◆ EXERCISE DIRECTIONS: Every line below should come back exactly as written, though the pictures stay out.

◆ INFORMATION SUPPLIED:
---

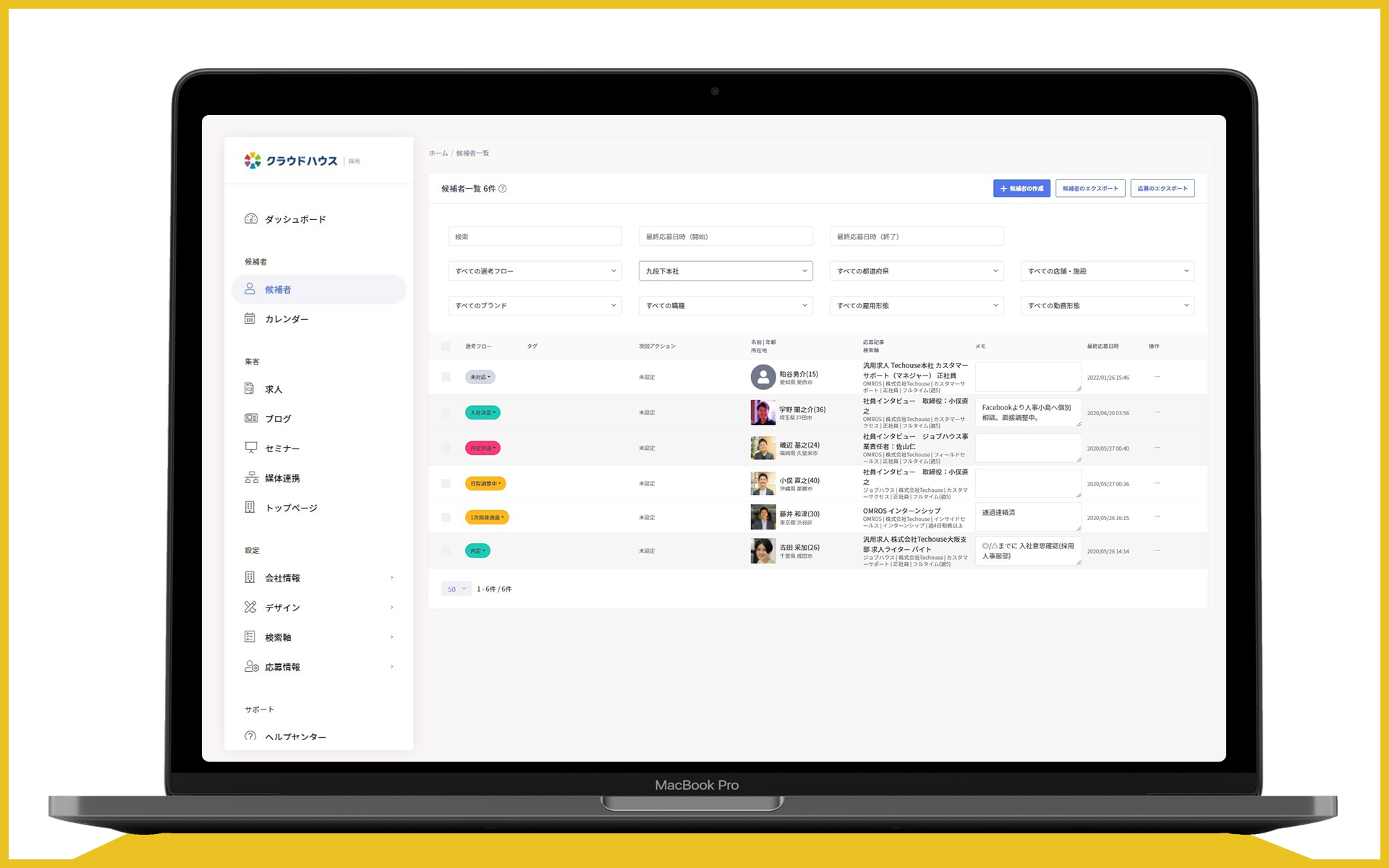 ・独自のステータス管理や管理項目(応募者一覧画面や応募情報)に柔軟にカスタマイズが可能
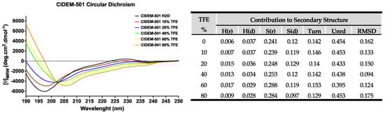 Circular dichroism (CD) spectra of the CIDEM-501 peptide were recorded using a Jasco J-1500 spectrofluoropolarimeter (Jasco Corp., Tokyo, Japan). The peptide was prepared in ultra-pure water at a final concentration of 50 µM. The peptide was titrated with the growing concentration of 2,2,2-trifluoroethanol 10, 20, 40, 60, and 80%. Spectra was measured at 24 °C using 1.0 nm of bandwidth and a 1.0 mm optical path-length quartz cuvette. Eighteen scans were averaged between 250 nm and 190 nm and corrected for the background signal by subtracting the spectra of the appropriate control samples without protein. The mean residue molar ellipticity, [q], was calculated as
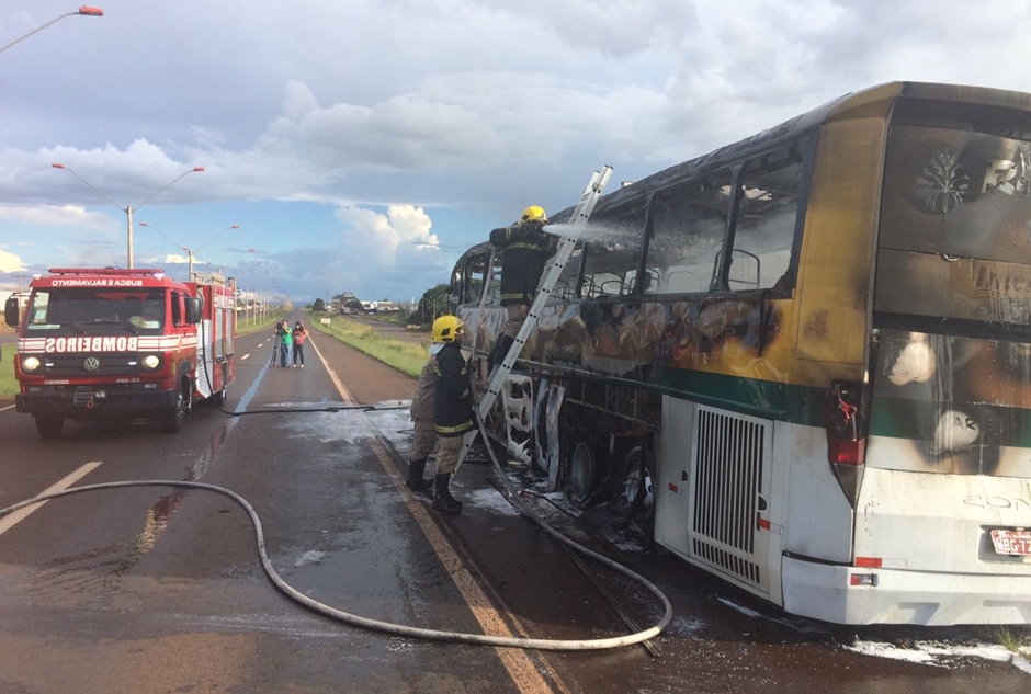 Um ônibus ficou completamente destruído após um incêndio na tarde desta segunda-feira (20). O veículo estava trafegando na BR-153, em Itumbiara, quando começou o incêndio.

---

◆ ANSWER TO THE EXERCISE:
 ・独自のステータス管理や管理項目(応募者一覧画面や応募情報)に柔軟にカスタマイズが可能
 Circular dichroism (CD) spectra of the CIDEM-501 peptide were recorded using a Jasco J-1500 spectrofluoropolarimeter (Jasco Corp., Tokyo, Japan). The peptide was prepared in ultra-pure water at a final concentration of 50 µM. The peptide was titrated with the growing concentration of 2,2,2-trifluoroethanol 10, 20, 40, 60, and 80%. Spectra was measured at 24 °C using 1.0 nm of bandwidth and a 1.0 mm optical path-length quartz cuvette. Eighteen scans were averaged between 250 nm and 190 nm and corrected for the background signal by subtracting the spectra of the appropriate control samples without protein. The mean residue molar ellipticity, [q], was calculated as
 Um ônibus ficou completamente destruído após um incêndio na tarde desta segunda-feira (20). O veículo estava trafegando na BR-153, em Itumbiara, quando começou o incêndio.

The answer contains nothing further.